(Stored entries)

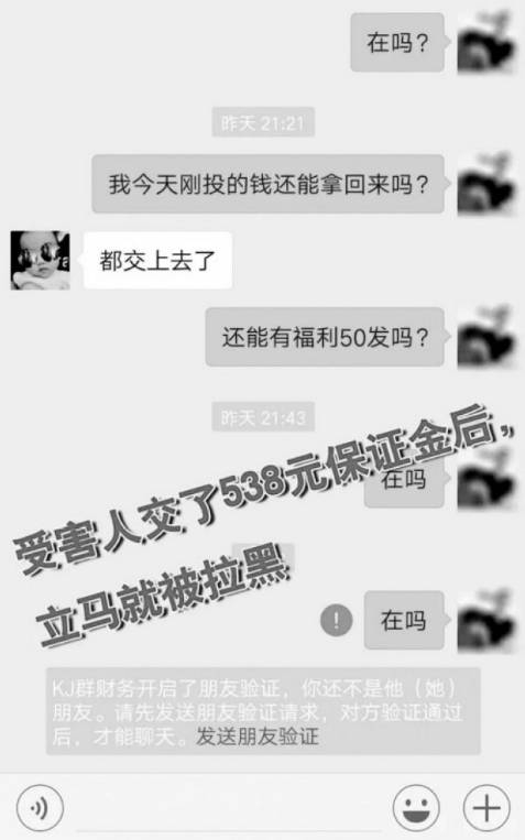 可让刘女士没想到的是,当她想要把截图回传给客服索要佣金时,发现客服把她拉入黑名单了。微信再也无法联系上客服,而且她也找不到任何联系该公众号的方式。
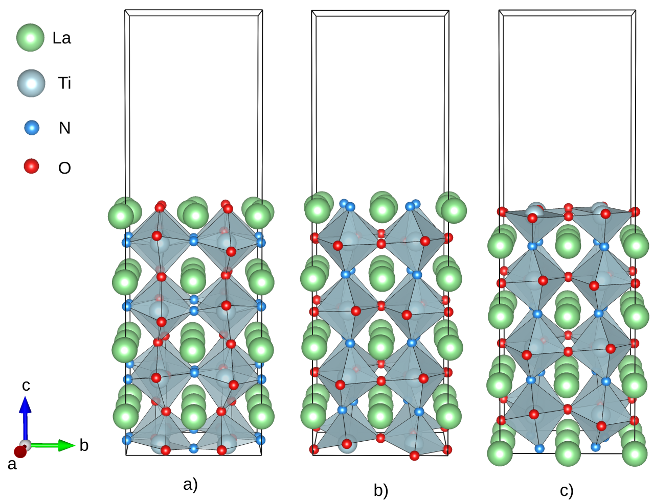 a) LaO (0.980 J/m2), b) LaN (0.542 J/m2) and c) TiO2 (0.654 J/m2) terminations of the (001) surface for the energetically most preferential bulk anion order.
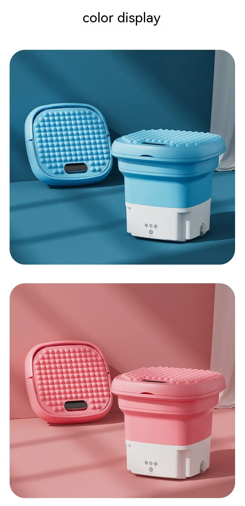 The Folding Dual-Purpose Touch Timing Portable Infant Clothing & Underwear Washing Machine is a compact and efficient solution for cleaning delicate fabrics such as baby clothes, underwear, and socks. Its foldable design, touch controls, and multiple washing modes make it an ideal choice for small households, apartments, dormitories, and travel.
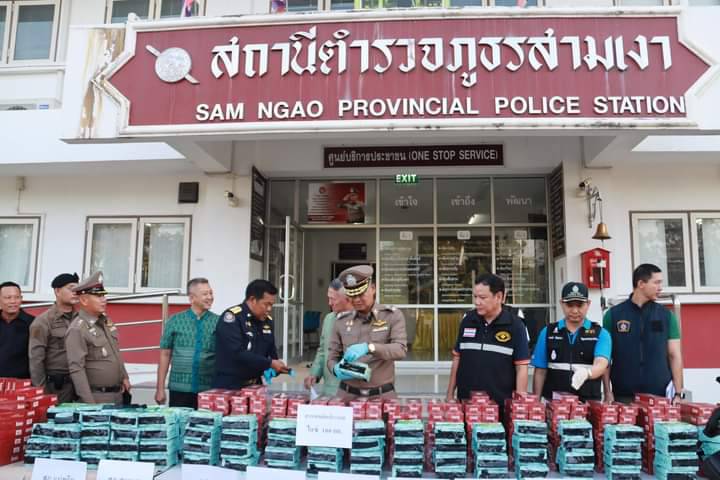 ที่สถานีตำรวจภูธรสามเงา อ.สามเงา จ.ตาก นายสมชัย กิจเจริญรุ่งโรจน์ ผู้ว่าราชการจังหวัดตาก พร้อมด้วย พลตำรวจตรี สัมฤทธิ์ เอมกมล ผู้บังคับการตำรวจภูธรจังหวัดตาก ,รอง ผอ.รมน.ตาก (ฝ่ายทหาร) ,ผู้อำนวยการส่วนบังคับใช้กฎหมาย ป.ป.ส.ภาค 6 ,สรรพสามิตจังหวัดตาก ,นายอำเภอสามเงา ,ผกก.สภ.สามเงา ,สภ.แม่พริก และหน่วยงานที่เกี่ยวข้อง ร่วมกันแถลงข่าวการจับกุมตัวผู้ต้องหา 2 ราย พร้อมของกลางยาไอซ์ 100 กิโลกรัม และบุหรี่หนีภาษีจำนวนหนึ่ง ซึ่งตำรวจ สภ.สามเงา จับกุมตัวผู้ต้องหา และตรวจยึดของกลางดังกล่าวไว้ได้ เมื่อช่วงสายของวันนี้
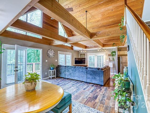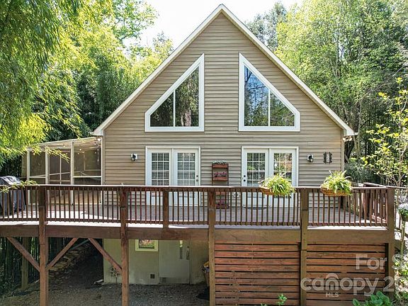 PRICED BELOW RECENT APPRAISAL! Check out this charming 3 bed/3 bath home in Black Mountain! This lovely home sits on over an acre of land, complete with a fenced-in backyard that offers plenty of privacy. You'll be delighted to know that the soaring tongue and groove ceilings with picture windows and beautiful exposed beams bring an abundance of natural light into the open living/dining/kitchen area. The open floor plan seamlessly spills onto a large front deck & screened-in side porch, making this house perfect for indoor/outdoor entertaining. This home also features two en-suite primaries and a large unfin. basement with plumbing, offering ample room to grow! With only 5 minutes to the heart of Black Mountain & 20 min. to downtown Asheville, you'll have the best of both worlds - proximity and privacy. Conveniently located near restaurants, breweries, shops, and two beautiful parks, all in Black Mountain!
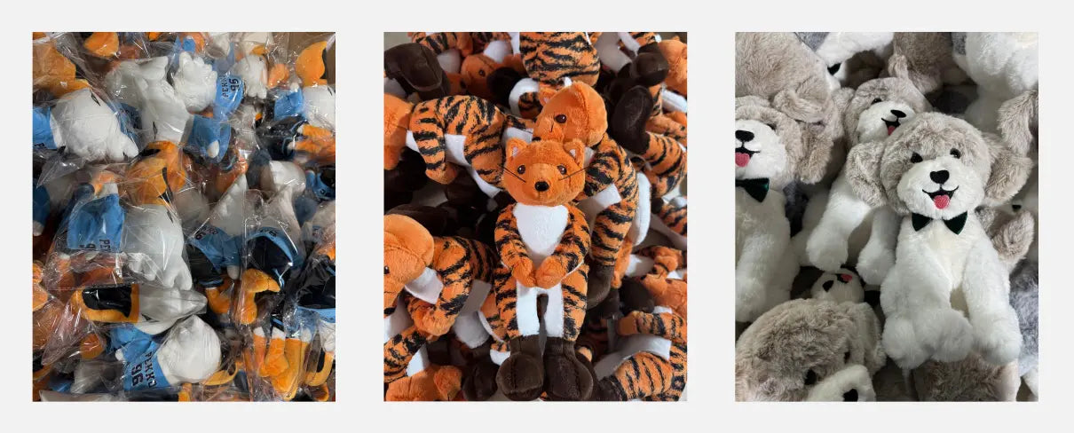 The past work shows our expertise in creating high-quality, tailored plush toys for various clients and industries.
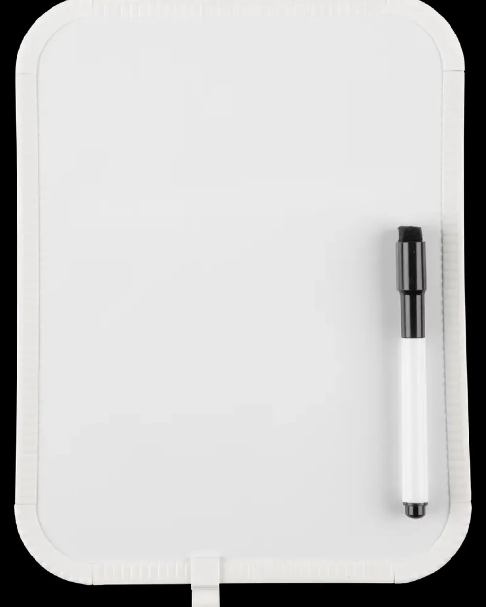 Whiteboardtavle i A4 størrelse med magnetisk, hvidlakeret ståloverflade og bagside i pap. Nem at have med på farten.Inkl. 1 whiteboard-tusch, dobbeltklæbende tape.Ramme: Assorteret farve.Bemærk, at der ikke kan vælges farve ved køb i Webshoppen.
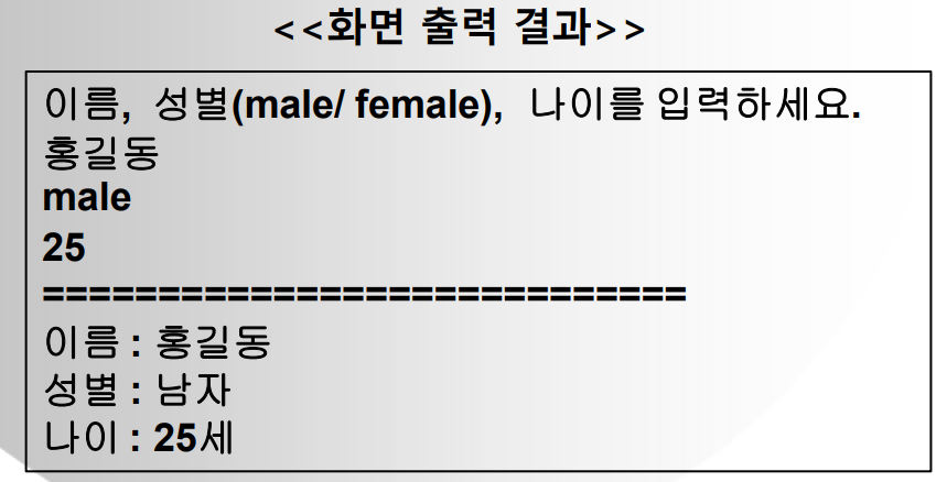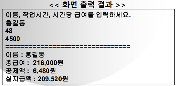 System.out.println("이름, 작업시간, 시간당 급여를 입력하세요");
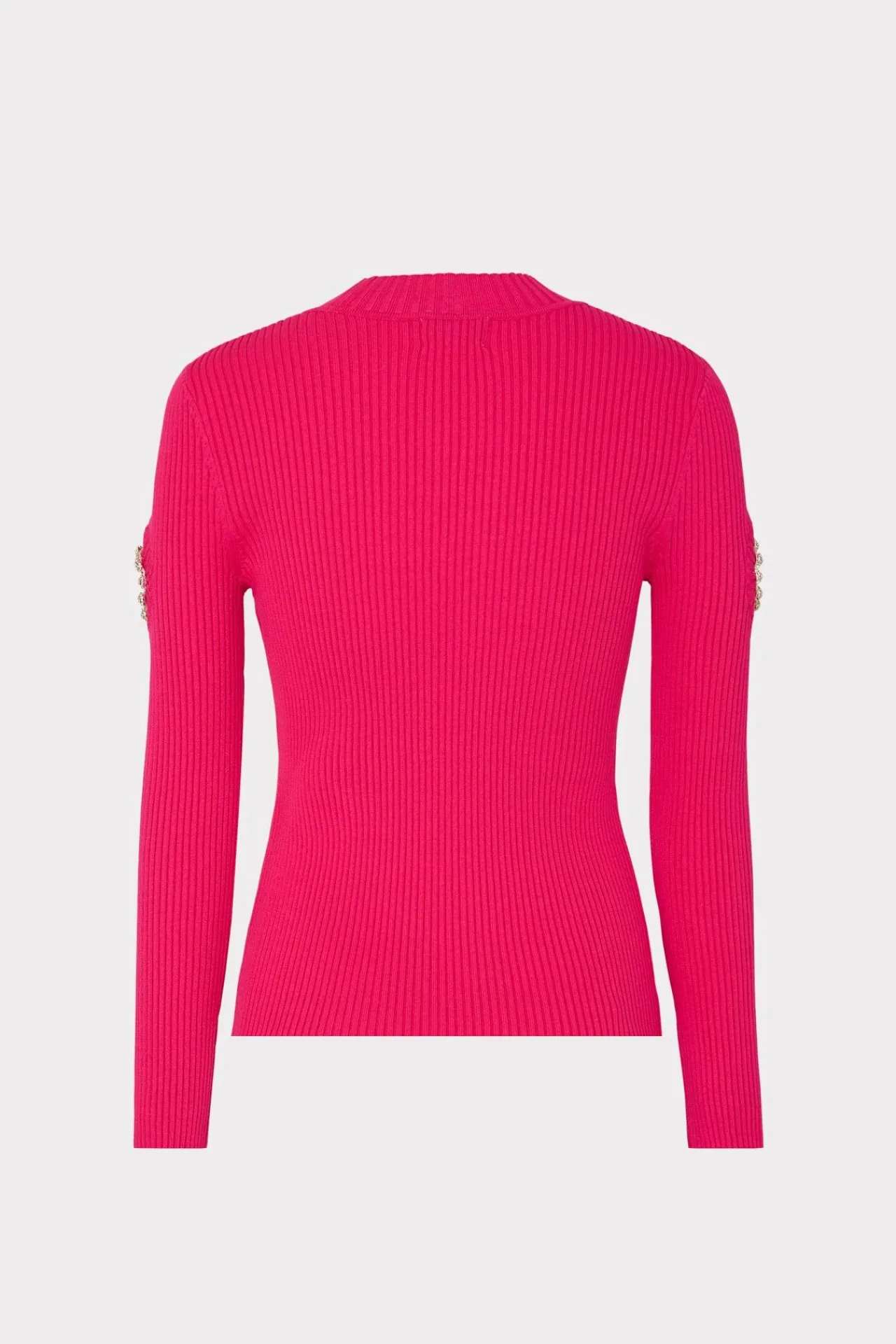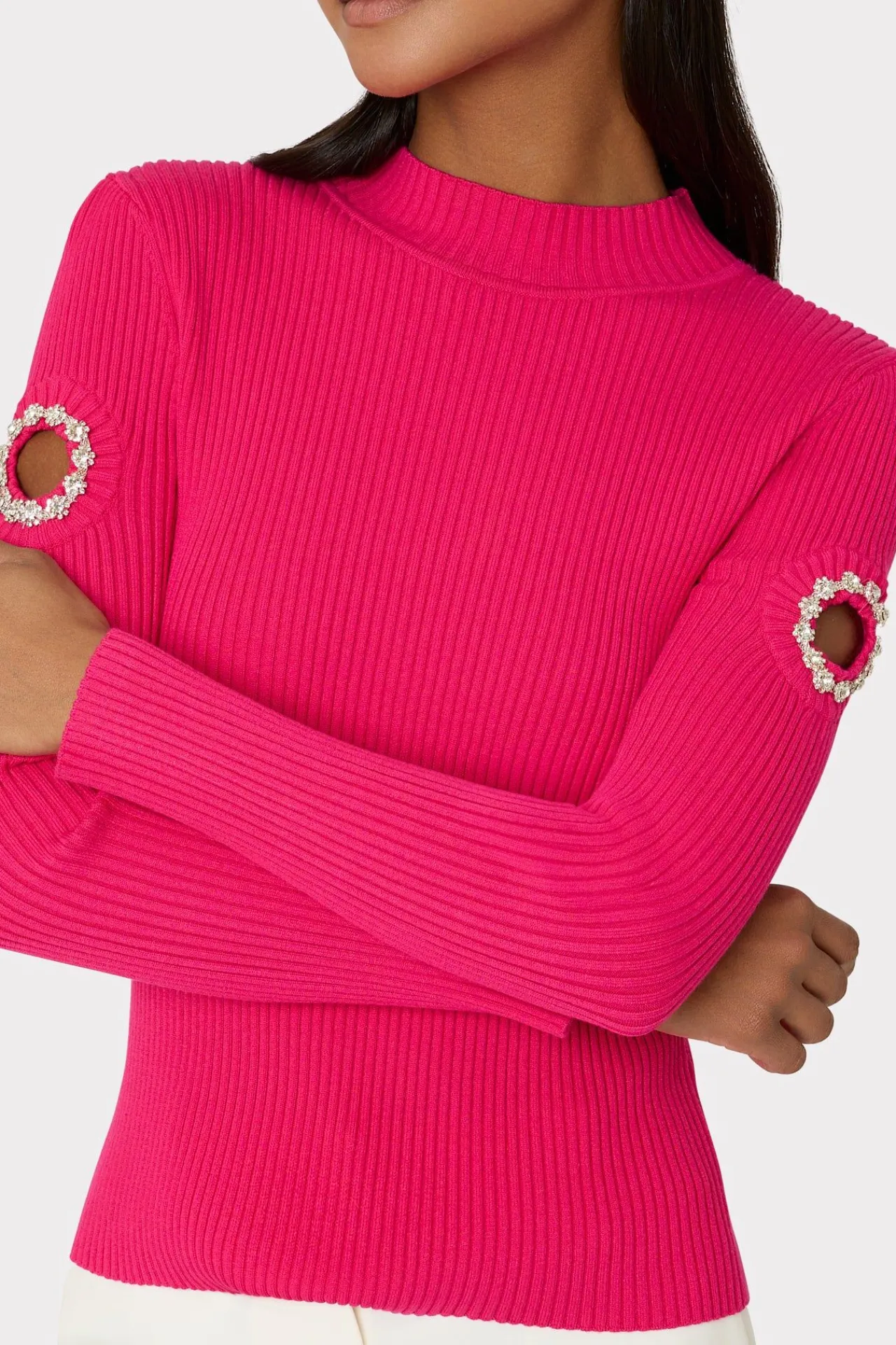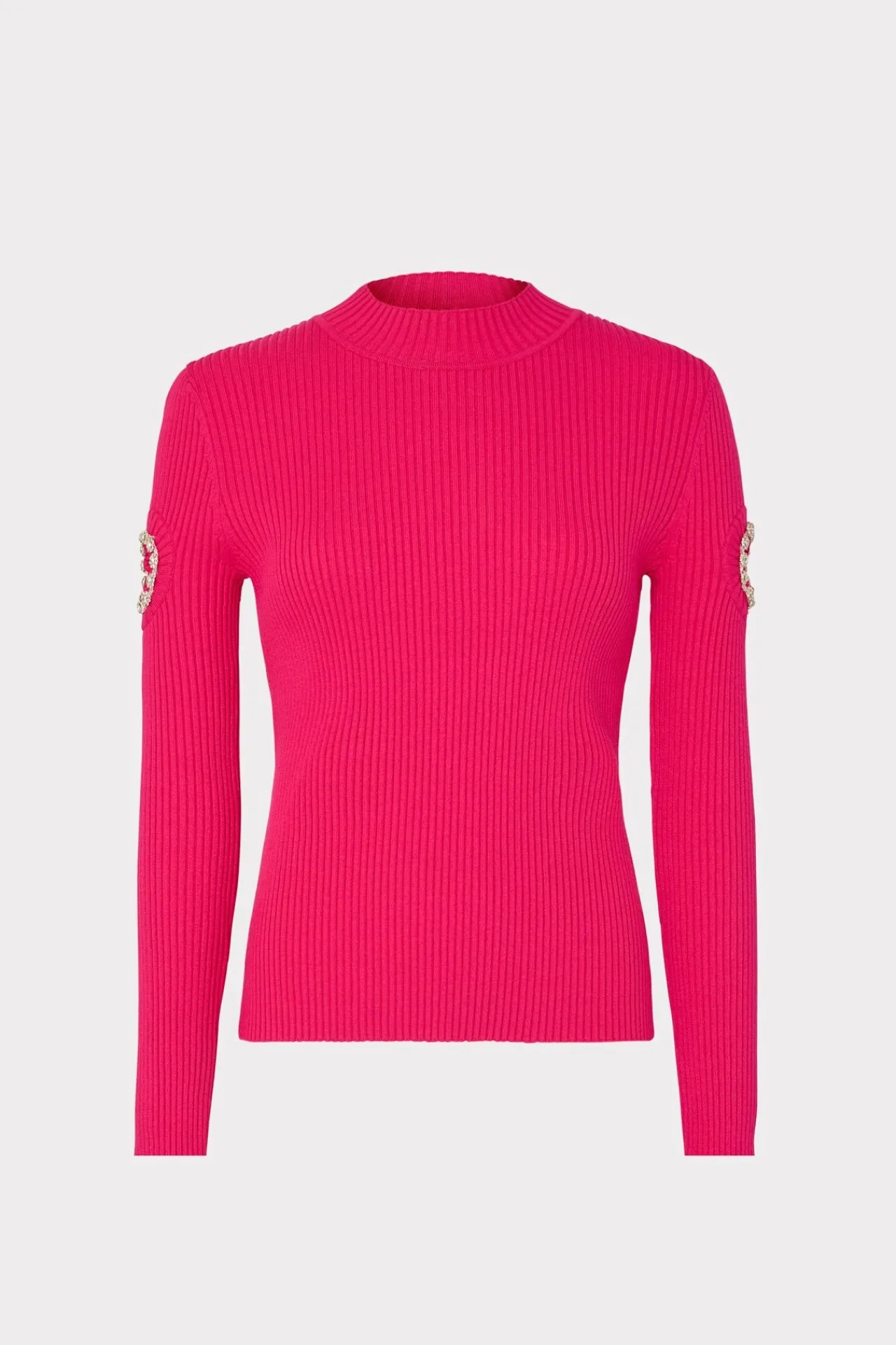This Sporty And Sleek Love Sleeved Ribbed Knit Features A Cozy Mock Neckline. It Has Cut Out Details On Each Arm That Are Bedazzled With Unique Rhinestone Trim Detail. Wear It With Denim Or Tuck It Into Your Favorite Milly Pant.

### EXERCISE DIRECTIONS
Reproduce exactly and only the lines from the one with "The past work" through the last entry, both included, excluding every picture.

### ANSWER FOR THE TASK
 The past work shows our expertise in creating high-quality, tailored plush toys for various clients and industries.
 Whiteboardtavle i A4 størrelse med magnetisk, hvidlakeret ståloverflade og bagside i pap. Nem at have med på farten.Inkl. 1 whiteboard-tusch, dobbeltklæbende tape.Ramme: Assorteret farve.Bemærk, at der ikke kan vælges farve ved køb i Webshoppen.
 System.out.println("이름, 작업시간, 시간당 급여를 입력하세요");
This Sporty And Sleek Love Sleeved Ribbed Knit Features A Cozy Mock Neckline. It Has Cut Out Details On Each Arm That Are Bedazzled With Unique Rhinestone Trim Detail. Wear It With Denim Or Tuck It Into Your Favorite Milly Pant.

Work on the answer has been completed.